Naming Convention: Test files mirror source files. src/calcengine/trig.py tested in tests/unit/test_trig.py. Test functions named test_<function>_<scenario> (e.g., test_sin_zero_returns_zero, test_sin_negative_pi_returns_zero).
Test Location: Separate tests/ directory tree. Not co-located with source.

tests/
  unit/
    test_arithmetic.py
    test_trig.py
    test_statistics.py
    test_expression_parser.py
    test_error_handling.py
  integration/
    test_api_evaluate.py
    test_api_trig.py
    test_api_keys.py
    test_rate_limiting.py
  accuracy/
    test_trig_accuracy.py
    test_arithmetic_accuracy.py
    test_statistics_accuracy.py
  conftest.py

Mathematical Accuracy Testing

This is a CalcEngine-specific testing category that does not exist in most projects.

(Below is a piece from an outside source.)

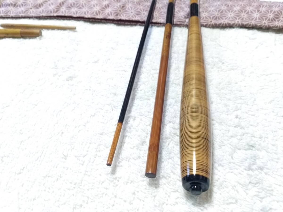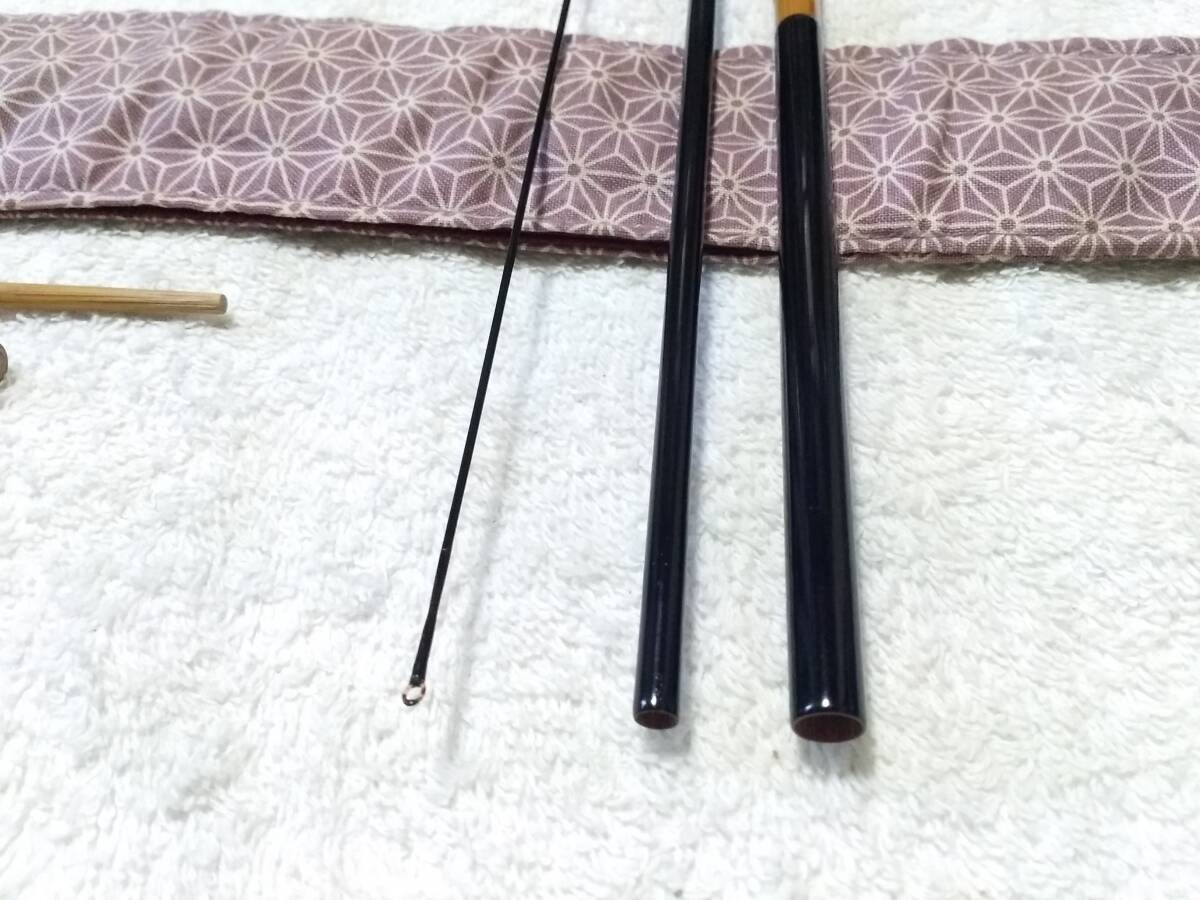 付属品は画像の通り、オリジナルの口栓、竿袋(オリジナルではありません)になります。商品の状態ですが、口割れ、欠け、深い傷など無く綺麗です。保管時の薄い傷があるかも知れませんが、艶もありとても良い状態だと思います。私感的には非常に綺麗な状態だと思います。竿袋を別に保管していた為、紛失してしまいました。見つかりましたらお付けします。オークション終了後48時間以内にご連絡の方のみご入札下さい。落札後取り引きナビにてご連絡させて頂きます。ご入札後のキャンセル、返品。クレーム等受付られません。送料はヤマト運輸の元払いで、九州から関東まで1600円です。宜しくお願いします。元竿9.8ミリ 穂先4.3ミリ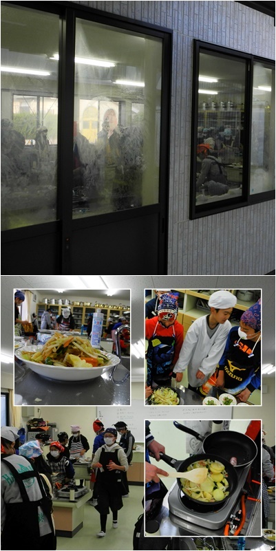 午後も家庭科室の窓が曇っていました。昨日に引き続き6年生,今日は2組が調理実習を行いました。

Reference implementation: Every math function must be tested against Python's math module, mpmath library (at high precision), or published mathematical tables.
Property-based testing with hypothesis: Use hypothesis to generate random valid inputs and verify properties hold (e.g., sin(x)^2 + cos(x)^2 == 1, log(a*b) == log(a) + log(b)).
Edge cases: Every function must have explicit tests for: zero, negative zero, very small numbers (near epsilon), very large numbers, domain boundaries (e.g., asin(1), asin(1.0000001)), and special values (pi, e, multiples of pi/2 for trig).
Tolerance: Results must match reference values within 1 ULP (unit in the last place) for basic functions. Document any functions where wider tolerance is accepted, with justification.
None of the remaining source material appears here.